5. Trey Mancini was one of several young players to struggle in the first half of the season, but he entered Wednesday sporting a .303/.344/.517 slash line with five home runs and 13 runs batted in since the All-Star break. His surge has been encouraging to see.

6. Paul Fry wasn’t exactly on anyone’s radar after being acquired from Seattle early last season, but the 26-year-old lefty has a solid 3.15 ERA with 20 strikeouts in 20 major league innings. He might be the Orioles’ best reliever at this point, which I know isn’t saying much.

7. One of the questions entering the winter will be whether Tim Beckham is tendered a contract.
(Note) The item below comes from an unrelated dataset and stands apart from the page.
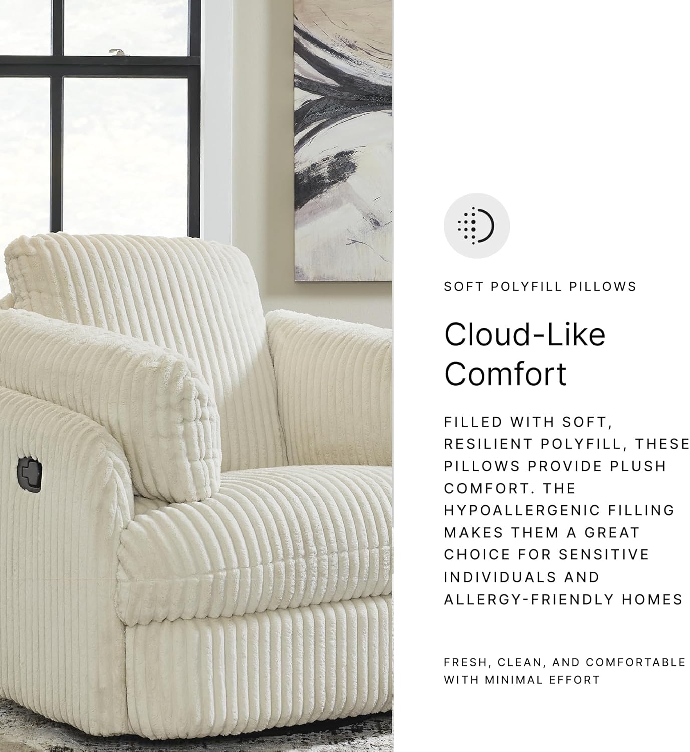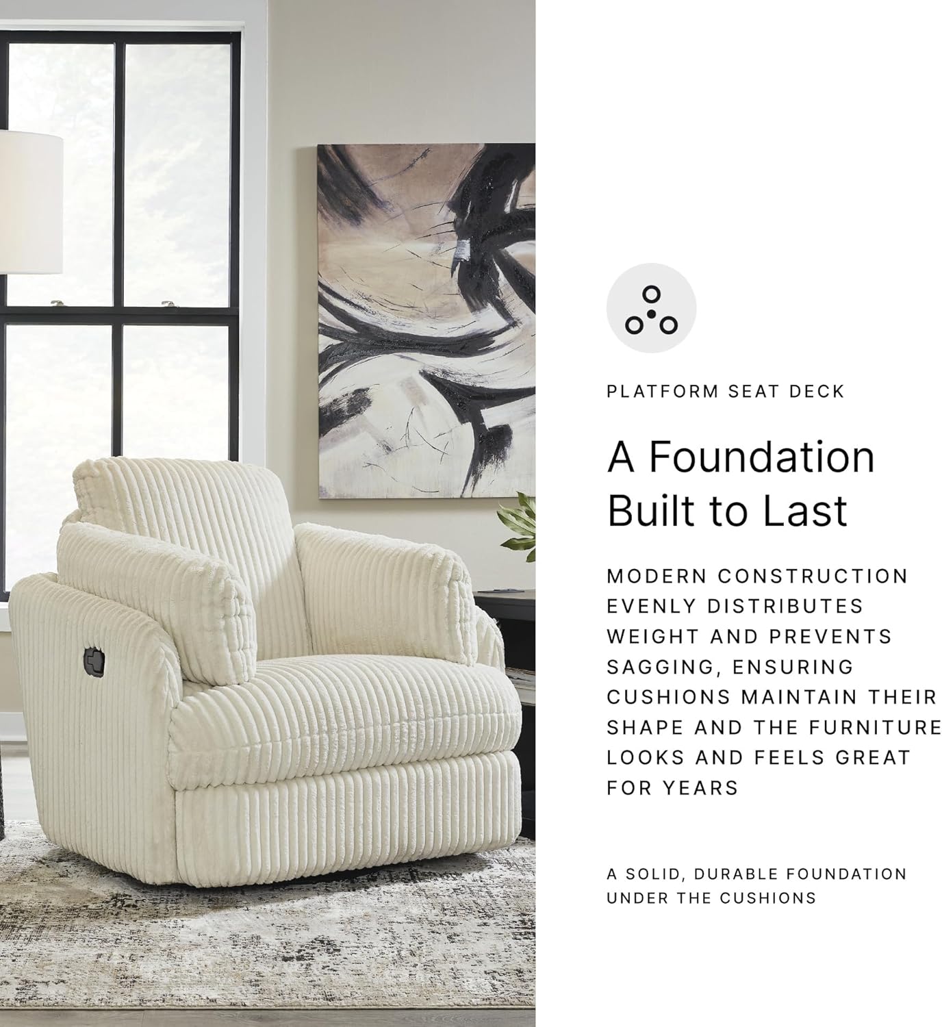 Signature Design by Ashley Tie-Breaker Cozy Contemporary Manual Press-Back Swivel Glider Rocker Recliner with 2 Bolster Pillows and Hidden Storage, White
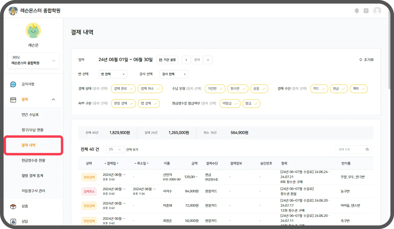 원장/강사님, 가장 중요한 결제를 알아볼까요?

The 28-year-old is under club control through 2020, but he’s making $3.35 million this year and will be in line for another raise in arbitration. His defense at shortstop isn’t cutting it.
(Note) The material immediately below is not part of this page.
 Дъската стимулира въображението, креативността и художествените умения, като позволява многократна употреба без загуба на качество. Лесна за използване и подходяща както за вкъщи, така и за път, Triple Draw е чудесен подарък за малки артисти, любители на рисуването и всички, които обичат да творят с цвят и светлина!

8. As time passes, the less I like the Kevin Gausman deal. Seeing what Tampa Bay got for Chris Archer — who’s actually been fairly comparable statistically the last three years — confirms that. Average starters with two more years of control are valuable, but the Orioles were more interested in shedding salary.

9. Chance Sisco has a .217/.301/.337 slash line in 93 plate appearances at Triple-A Norfolk. Buck Showalter said recent reports about his defense have been positive, but the loss of confidence with the bat – his strength entering 2018 — is one of the season’s more undersold disappointments.

10. Many grouped Mullins and DJ Stewart together earlier this summer when discussing which prospects might be the next ones promoted, but the 2015 first-round outfielder is hitting .236 with 12 home runs, a .338 on-base percentage, and a .402 slugging percentage at Norfolk. That’s not exactly screaming for a promotion.

11. Austin Hays playing again for Double-A Bowie is encouraging and he’s had some decent games since returning, but I’d like to see the Orioles refrain from a September call-up. Let him finish out the Baysox season and then send him to the Arizona Fall League before starting fresh next spring.

12. The current version of the 2018 Orioles took the team photo Wednesday, prompting some giggles and press-box discussion. If Manny Machado and others no longer with the organization are ineligible, who is this year’s Most Valuable Oriole? I’d assume Jones wins, but maybe we just sit this year out?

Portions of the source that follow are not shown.